12.26.09

Crossword Word Frequency

Posted in math, programming at 10:45 am by danvk

In a previous post, I discussed downloading several years’ worth of New York Times Crosswords and categorizing them by day of week. Now, some analysis!

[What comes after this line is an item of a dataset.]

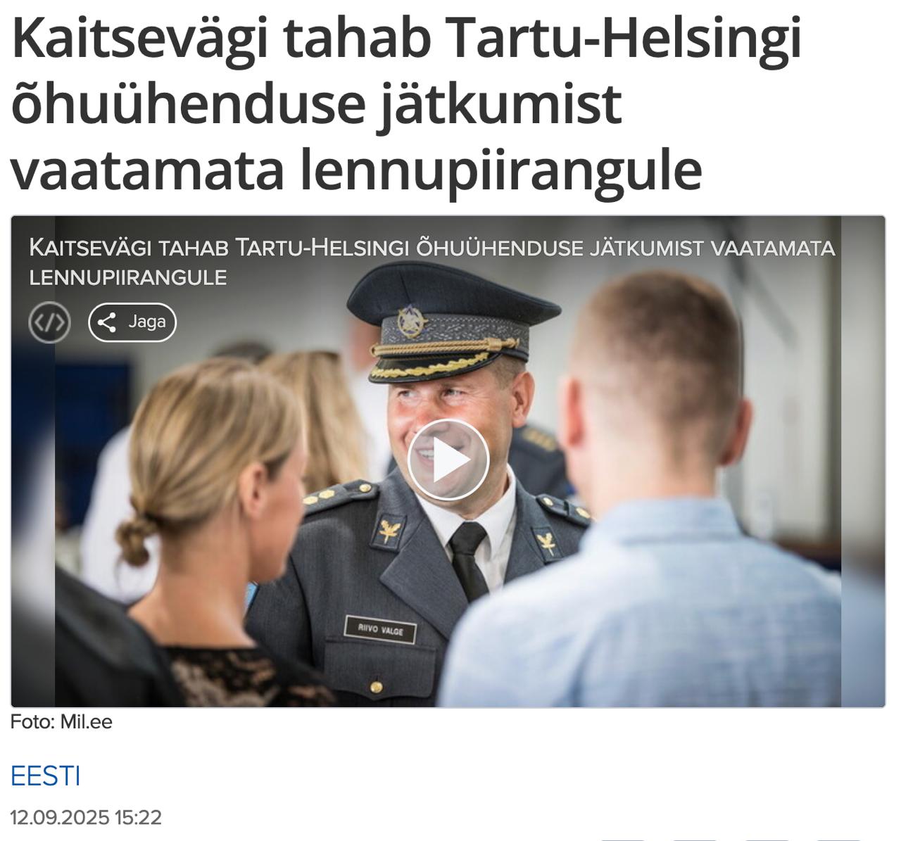 За інформацією видання, вже було скасовано рейс Тарту-Гельсінкі.
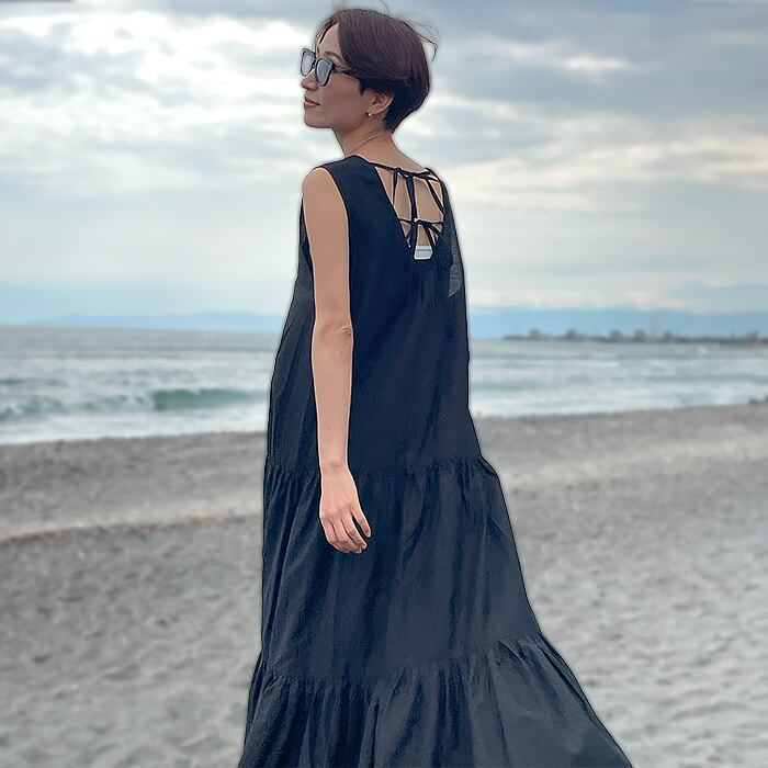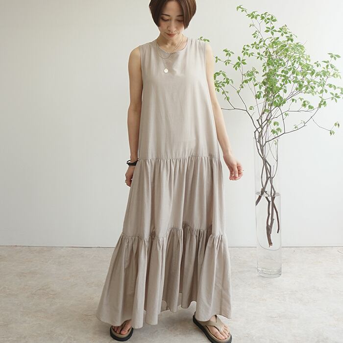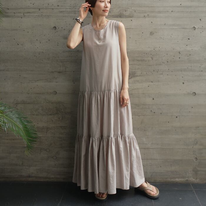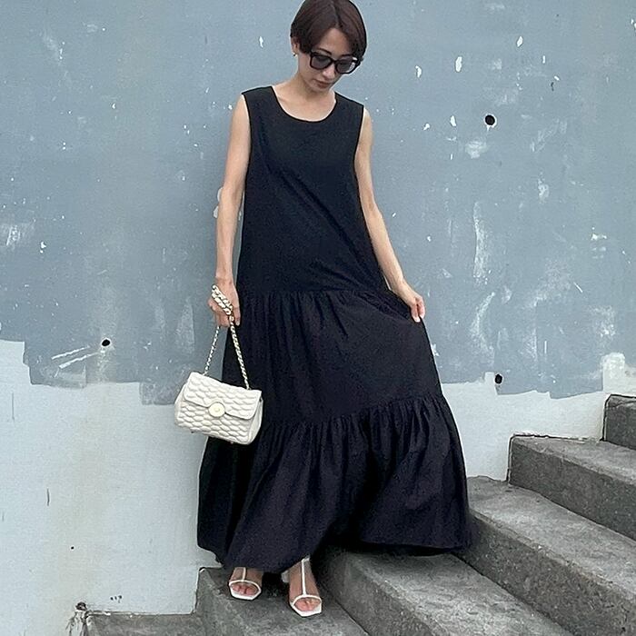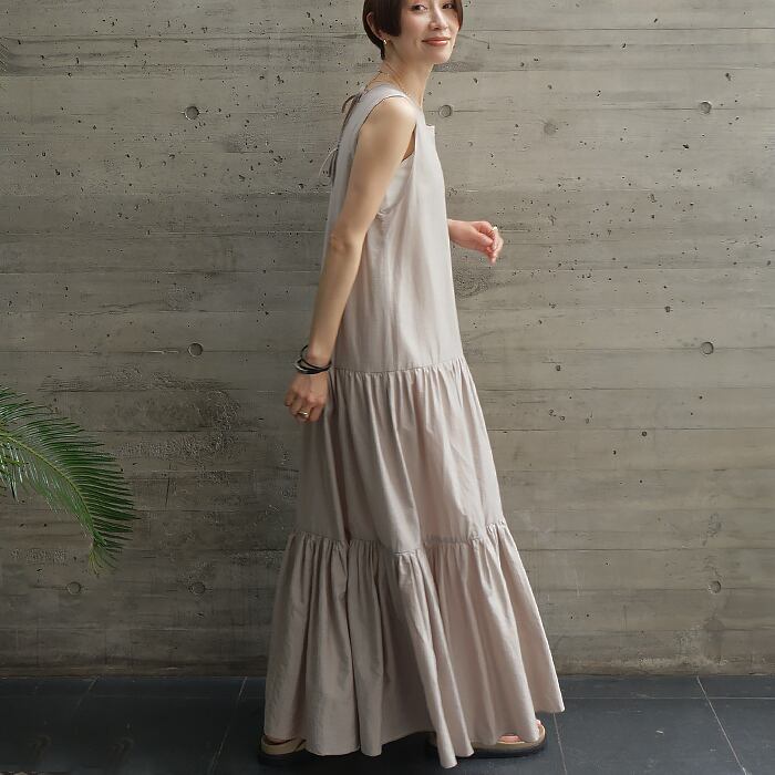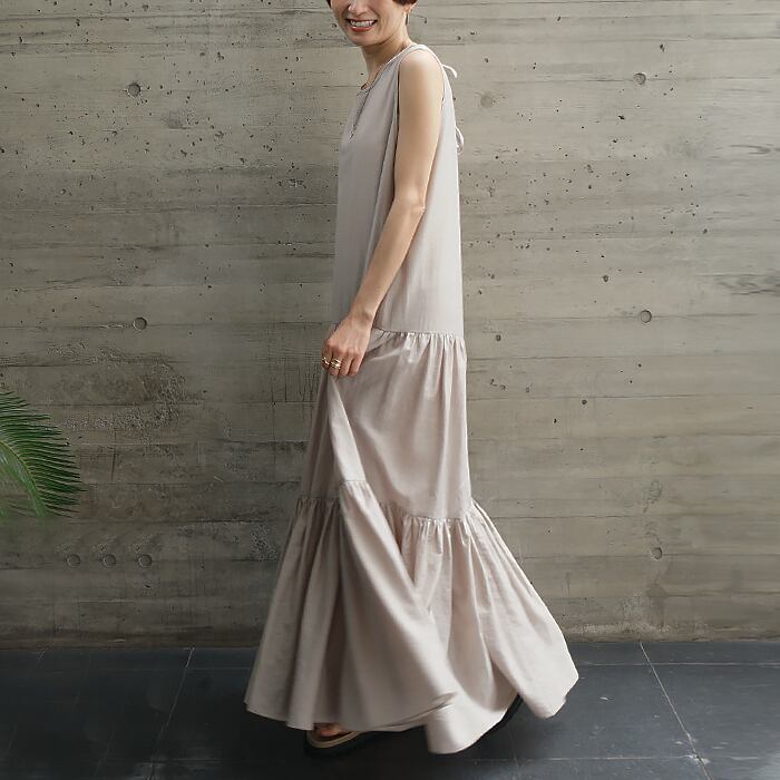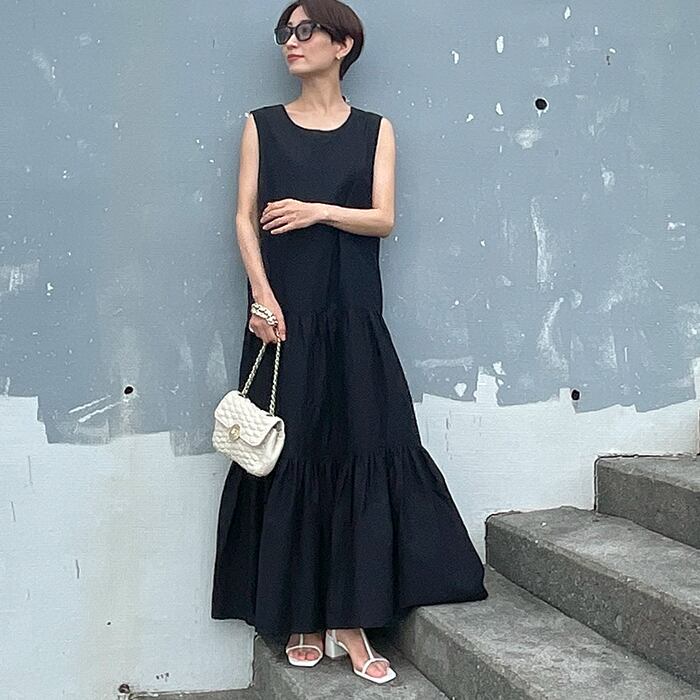 裾にたっぷりとボリュームをもたせたティアードワンピース

Here were the most common words over the last 12 years, along with the percentage of puzzles in which they occurred:

Percentage Word Length
6.218% ERA 3
5.703% AREA 4
5.413% ERE 3
5.055% ELI 3
4.854% ONE 3
4.585% ALE 3
4.496% ORE 3
4.361% ERIE 4
4.339% ALOE 4
4.317% ETA 3
4.317% ALI 3
4.227% OLE 3
4.205% ARE 3
4.138% ESS 3
4.138% EDEN 4
4.138% ATE 3
4.048% IRE 3
4.048% ARIA 4
4.004% ANTE 4
3.936% ESE 3
3.936% ENE 3
3.914% ADO 3
3.869% ELSE 4
3.825% NEE 3
3.758% ACE 3

(you can click column headings to sort.)

So “ERA” appears, on average, in about 23 puzzles per year. How about if we break this down by day of week? Follow me past the fold…


Monday:

Percentage Word Length
9.404% ALOE 4
8.777% AREA 4
7.837% ERIE 4
6.426% ONE 3
6.426% IDEA 4
6.426% ARIA 4
6.270% ONCE 4
6.270% EDEN 4
6.113% ERA 3
6.113% ELSE 4
6.113% ASEA 4
5.799% ERE 3
5.643% ORE 3
5.643% ETAL 4
5.643% ARE 3
5.643% ANTE 4
5.486% OREO 4
5.486% ALEE 4
5.329% TREE 4
5.329% ESS 3
5.329% ELI 3
5.329% ACRE 4
5.172% TSAR 4
5.172% ANTI 4
5.016% ORAL 4

The four letter words are more common now. Also look how much higher the percentages are. There’s less variety in the fill of Monday puzzles. “ALOE” and “ARIA” are classic crossword words, not to mention “OREO”.

Saturday:

Percentage Word Length
3.286% ERA 3
2.973% ONE 3
2.973% ETE 3
2.817% TEN 3
2.817% EVE 3
2.817% ETA 3
2.660% IRE 3
2.660% ERR 3
2.660% ERE 3
2.504% OTIS 4
2.504% OLE 3
2.504% ENE 3
2.504% ELL 3
2.504% ELI 3
2.504% ARE 3
2.504% ARA 3
2.504% ALA 3
2.504% ACE 3
2.347% RTE 3
2.347% ICE 3
2.347% ATE 3
2.347% ALE 3
2.191% TSE 3
2.191% TERSE 5
2.191% SRI 3

Lots of three letter words and much lower percentages. “OTIS” is surprising to me, but I don’t do many Saturday puzzles, so who am I to say?

It would be really interesting to combine this with some document frequency numbers for the English language. This would find words which are much more common in crosswords than they are in general, i.e. crosswordese.

I’d include everything necessary to reproduce this here, but the puzzles are not free. See this directory for the program I used to tabulate the statistics and complete word counts, both overall and for each day of the week. The first puzzle in my collection was 2006-10-23 and the last was 2009-01-19.

2 Comments

  1. Mom said,

    December 26, 2009 at 11:24 am

    I enjoyed reading this Dan. Hope Rex Parker gets ahold of it!

  2. Pam D'Angelo (Ben's mom) said,

    January 7, 2010 at 1:41 pm

    What fun to see the numbers behind what I do every day. Thanks for an enjoyable, enlightening post.